*** Opening EXERCISE DATA ***

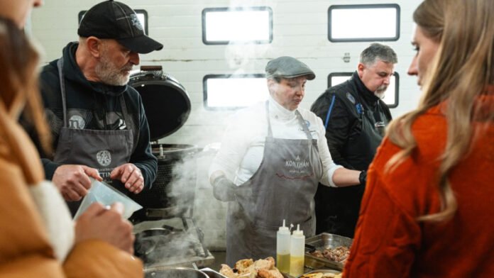 Undok, nyirkos időben érek a Balatonszentgyörgyi Sörművek udvarán osztozó lakatosműhelyhez. Előzetesen bejártuk a patikatisztaságú főzdét, ahol ügyesen elkerültem, hogy egy nagy pohár 11 százalékos, fahéjas-kávés barna sörrel – nagyon fahéjas, hasonló mértékben megosztó: a fő kérdés, hogy ki szereti, ha karácsonyi süti és dupla alkoholtartalom is van a sörében – nyissam az ebédet. Cserébe le is maradtam a csoporttól poháröblítés közben, úgyhogy a kijáratot elvétve visszafelé is végigjárom a főzdét, hogy kék lábzsákokban kicsoszogjak az udvarra. A tavat tavaszköszöntő programokkal körbepakoló Taste Balaton februári előkóstoló osztálykirándulásának résztvevői addigra már ellepték a kinti tócsákra való tekintettel a műhelyből leválasztott térben felállított sörpadokat.
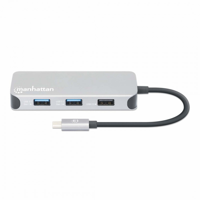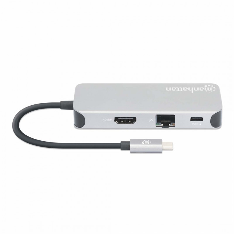 Manhattan 130615 knyginių kompiuterių dokas / jungčių replikatorius Vielinis USB 3.2 Gen 1 (3.1 Gen 1) Type-C Aliuminis
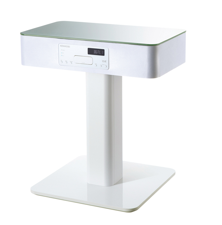 Musikfans, die ihre Lieblingstitel auf einem iPod oder iPhone gespeichert haben und diese über ein eigenständiges Audiosystem im Arbeits-, Schlaf- oder Wohnzimmer wiedergeben möchten, finden in Kenwoods neuem Klangmöbel C-BX3 den richtigen Spielpartner. Denn dieses auf einem stabilen wie eleganten Standfuß montierte Stereosystem verfügt an seiner Frontseite über eine ausfahrbare Dockingstation, die den Apple-Mobilplayer aufnimmt und dabei automatisch dessen Akku lädt. Das wahlweise in einer weißen oder schwarzen Ausführung lieferbare Ensemble lässt sich dank der obenauf liegenden Glasplatte einerseits als schmucker Beistelltisch einsetzen, andererseits auch als Standfuß für einen Flachbildfernseher verwenden.
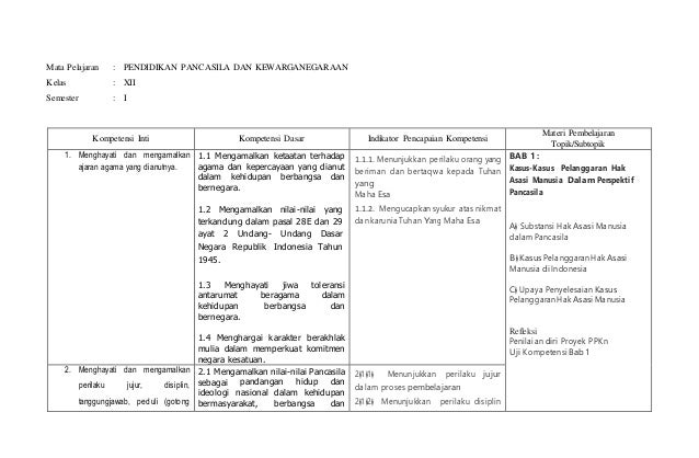 Pemetaan Ki Dan Kd Pkn Kelas 12 Sma Kurikulum 2013 Revisi 2018

*** Closing EXERCISE DATA ***

▸ TASK PROMPT
Quote, exactly and only, the lines from the first line of the data above through the line containing "Manhattan 130615 knyginių". The pictures do not belong in it.

▸ SOLVED EXERCISE
 Undok, nyirkos időben érek a Balatonszentgyörgyi Sörművek udvarán osztozó lakatosműhelyhez. Előzetesen bejártuk a patikatisztaságú főzdét, ahol ügyesen elkerültem, hogy egy nagy pohár 11 százalékos, fahéjas-kávés barna sörrel – nagyon fahéjas, hasonló mértékben megosztó: a fő kérdés, hogy ki szereti, ha karácsonyi süti és dupla alkoholtartalom is van a sörében – nyissam az ebédet. Cserébe le is maradtam a csoporttól poháröblítés közben, úgyhogy a kijáratot elvétve visszafelé is végigjárom a főzdét, hogy kék lábzsákokban kicsoszogjak az udvarra. A tavat tavaszköszöntő programokkal körbepakoló Taste Balaton februári előkóstoló osztálykirándulásának résztvevői addigra már ellepték a kinti tócsákra való tekintettel a műhelyből leválasztott térben felállított sörpadokat.
 Manhattan 130615 knyginių kompiuterių dokas / jungčių replikatorius Vielinis USB 3.2 Gen 1 (3.1 Gen 1) Type-C Aliuminis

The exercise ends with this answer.